项目摘要/摘要 主动脉（COA）的缩合是一种先天性心血管（CV）疾病，其特征是严重狭窄 主要动脉将血从心脏传递到身体。 COA每年在 美国存在，但是接受治疗的COA患者通常会因发病率而降低预期寿命，大多数 特别是高血压（HTN）。由于混杂因素，确定发病率的原因很困难 随着患者年龄的差异，随访时间，治疗前的严重程度以及其他CV的存在 异常。也很难分开因果遗传贡献，从而产生最初的狭窄 基因表达因其创建后的机械后果而导致的变化。为了消除这些障碍 使用RNA测序来鉴定具有上肢收缩期的COA的人类的候选基因 血压（BP）>第99个百分位数，从而着重于机械后果。亚钠肽 受体3（NPR3）是一种已知与BP和细胞增殖相关的基因，在 与正常的BP区域相比，主动脉的截面具有高BP。 COA的新型动物模型 然后开发以控制人类的变异性（严重程度，持续时间和年龄），并研究机制 通过可吸收缝合线模拟治疗，动脉功能障碍。在人类中看到的NPR3的变化 使用此模型复制了COA。初步数据还表明，当前的COA治疗指南 允许在不增加NPR3的情况下在治疗后无法恢复的不良动脉变化。证据也是 提供了新的严重性和持续时间治疗阈值，以避免动脉变化。电流 研究使用该模型与计算流体动力学和相关的细胞培养分析来量化 我们假设的详细的机械刺激负责动脉重塑和内皮功能障碍 在COA，最终导致HTN。根据结构，功能和细胞对刺激进行分类 他们使用针对NPR3的最先进的方法和专门的代理来实施的更改。目标1意志 通过从临床中提取HTN状态来确认避免动脉变化的机械刺激 COA患者的记录暴露于相同的刺激范围。 AIM 2将使不良血管变化相关 从具有NPR3表达的COA通过建立的途径，目的是应用现有的治疗剂。目标3意志 测试一种通过NPR3涉及肉豆蔻酰胺 - 富含C磷酸肌醇依赖性离子通道和受体控制的富C激酶底物（MARCKS）调节。 通过建议修订的标准 当应实施COA的处理并确定用于管理动脉变化的目标时。 以这些方式将当前提案的结果转换为NHLBI的预防任务和 治疗简历疾病，增强所有人的健康，使他们能够更长，更充实 生活，并在为此目的的方法中教育下一代科学家。

项目成果

Molecular and Mechanical Mechanisms of Calcification Pathology Induced by Bicuspid Aortic Valve Abnormalities.
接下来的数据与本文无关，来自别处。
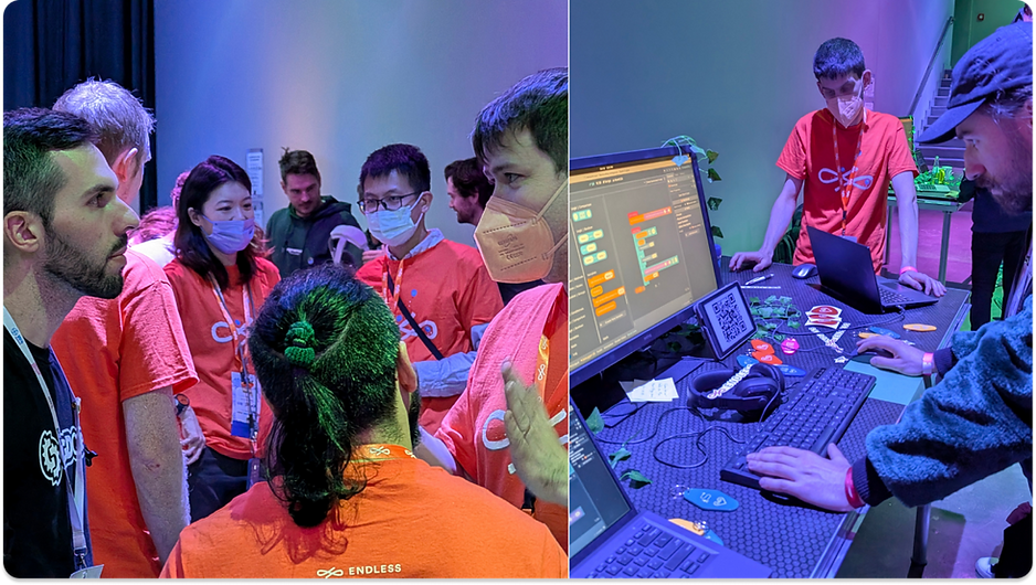 Además de la emoción por el Block Coding, aprovechamos la conferencia para conocer mejor el mundo del desarrollo indie y conversar sobre la creación colaborativa de juegos, un tema que nos apasiona en Endless y que seguiremos impulsando.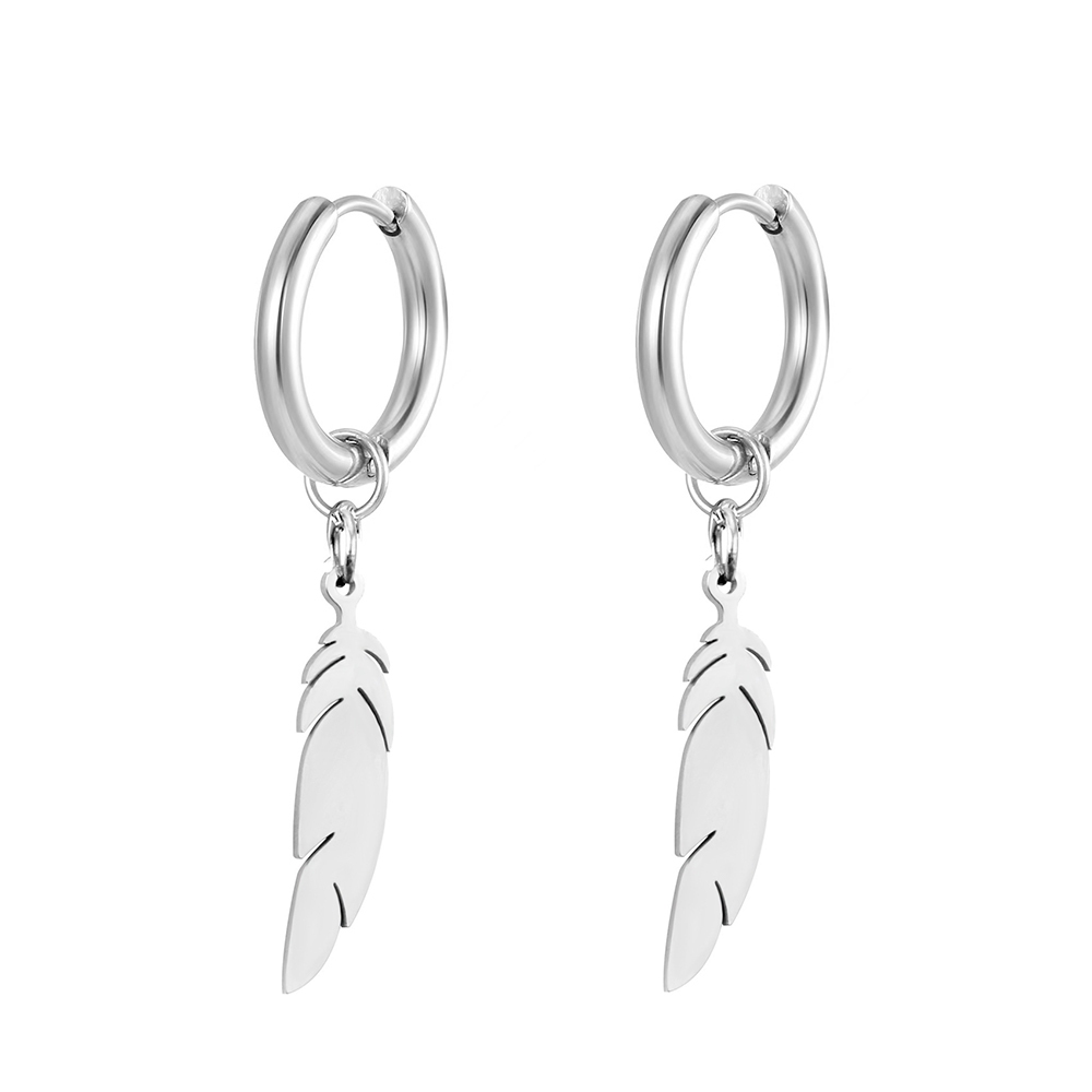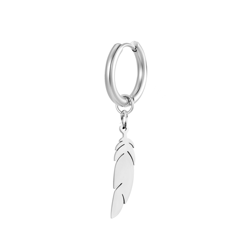 Colar de pena brinco de penas não escurece em aço inox prateado prata antialérgico brincos argola gargantilha masculino feminino funk

• DOI: 10.3389/fcvm.2021.677977
• 发表时间: 2021
• 期刊: Frontiers in cardiovascular medicine
• 影响因子: 3.6
• 作者: Kazik HB;Kandail HS;LaDisa JF Jr;Lincoln J
• 通讯作者: Lincoln J

Aortic Remodeling Kinetics in Response to Coarctation-Induced Mechanical Perturbations.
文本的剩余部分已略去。